- [SUPPLIED MATERIAL]:
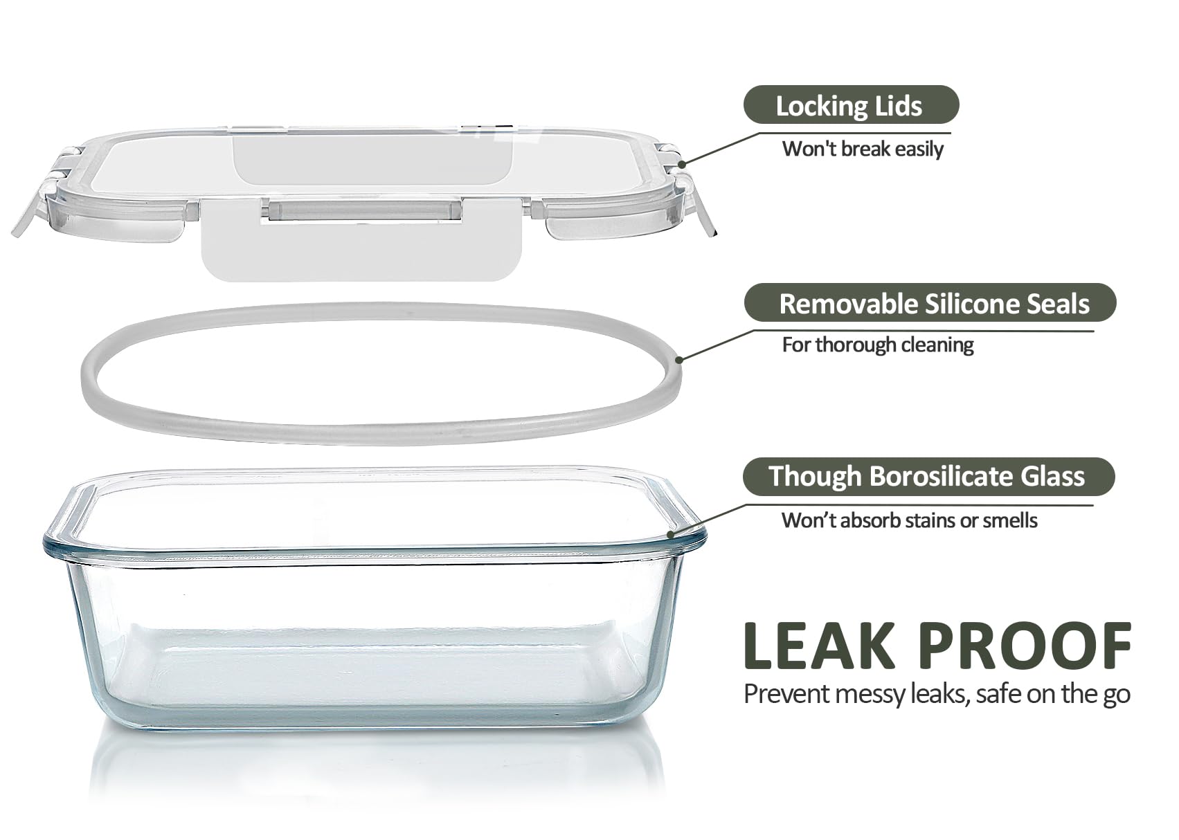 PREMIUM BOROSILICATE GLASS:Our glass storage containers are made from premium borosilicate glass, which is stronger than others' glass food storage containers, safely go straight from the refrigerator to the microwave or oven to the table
* * *
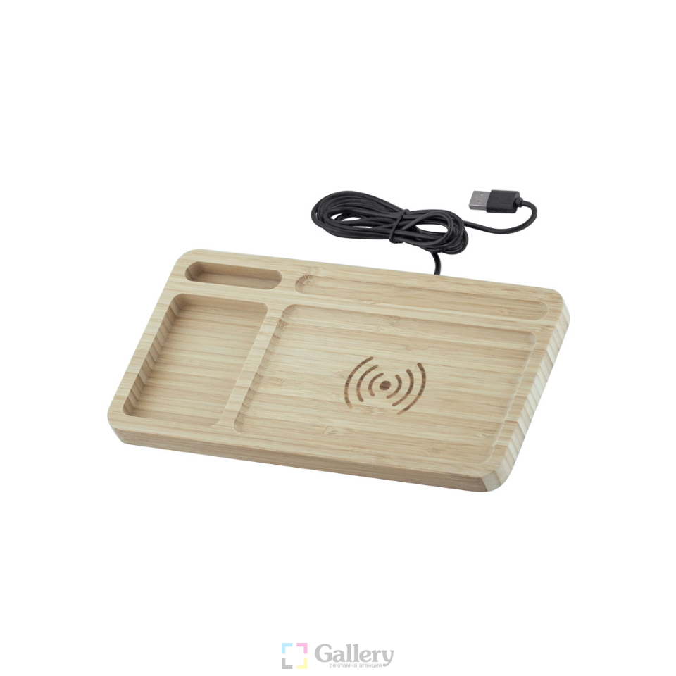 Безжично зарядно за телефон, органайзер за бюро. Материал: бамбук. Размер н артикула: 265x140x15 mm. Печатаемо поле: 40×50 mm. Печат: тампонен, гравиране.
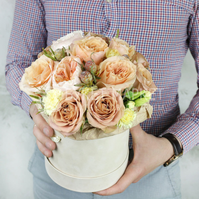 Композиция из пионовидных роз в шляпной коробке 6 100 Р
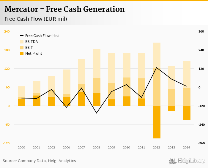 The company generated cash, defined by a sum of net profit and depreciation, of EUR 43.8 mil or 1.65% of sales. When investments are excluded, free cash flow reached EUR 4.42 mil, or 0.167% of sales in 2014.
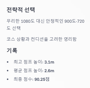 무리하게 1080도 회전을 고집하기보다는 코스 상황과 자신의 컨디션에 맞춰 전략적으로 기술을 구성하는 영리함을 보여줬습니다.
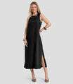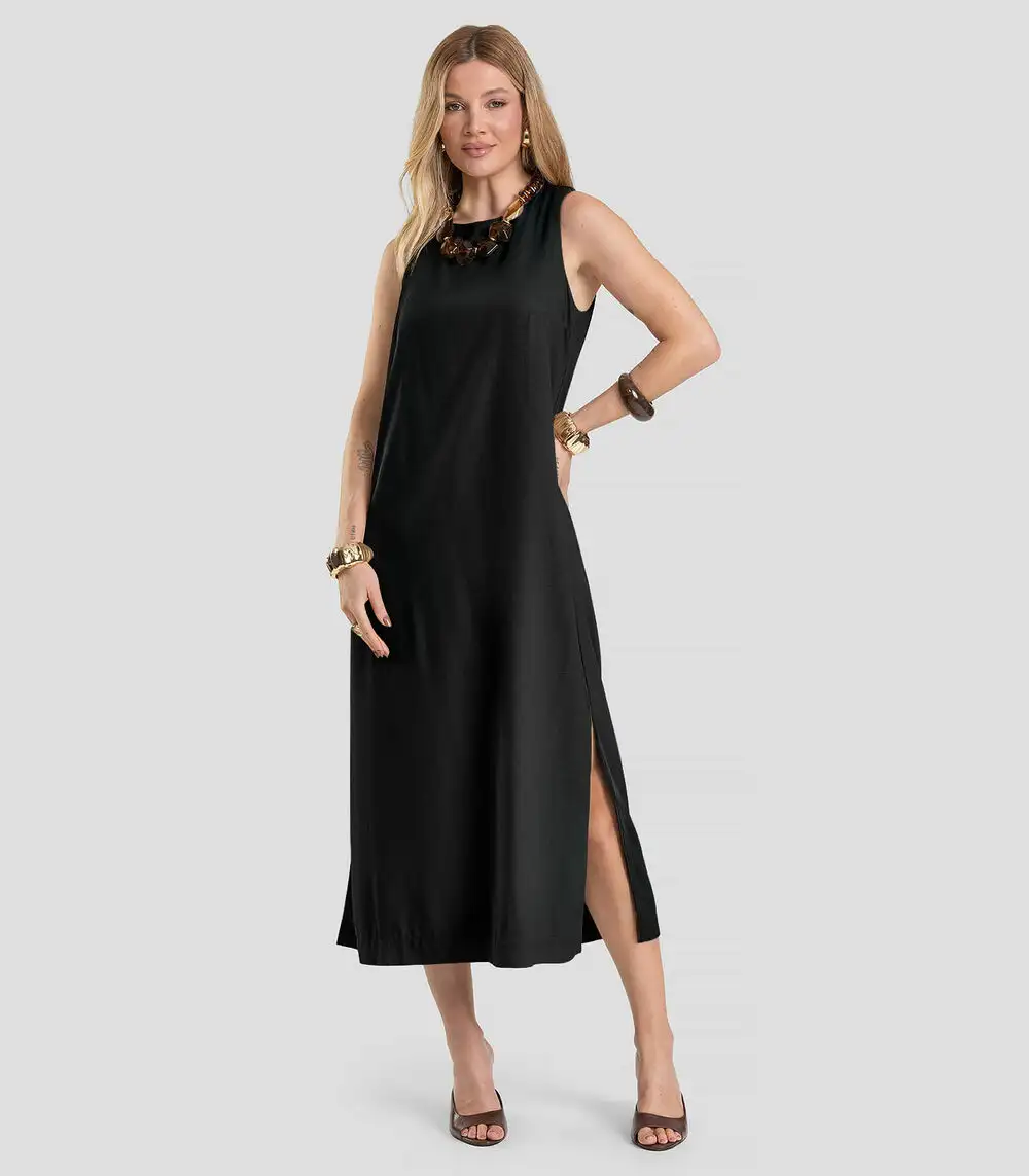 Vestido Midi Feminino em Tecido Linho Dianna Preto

- [EXERCISE DESCRIPTION]: Find the line with "The company generated" in the data above, and from there retype each line exactly through the line with "Vestido Midi Feminino", skipping the pictures along the way.

- [EXERCISE ANSWER]:
 The company generated cash, defined by a sum of net profit and depreciation, of EUR 43.8 mil or 1.65% of sales. When investments are excluded, free cash flow reached EUR 4.42 mil, or 0.167% of sales in 2014.
 무리하게 1080도 회전을 고집하기보다는 코스 상황과 자신의 컨디션에 맞춰 전략적으로 기술을 구성하는 영리함을 보여줬습니다.
 Vestido Midi Feminino em Tecido Linho Dianna Preto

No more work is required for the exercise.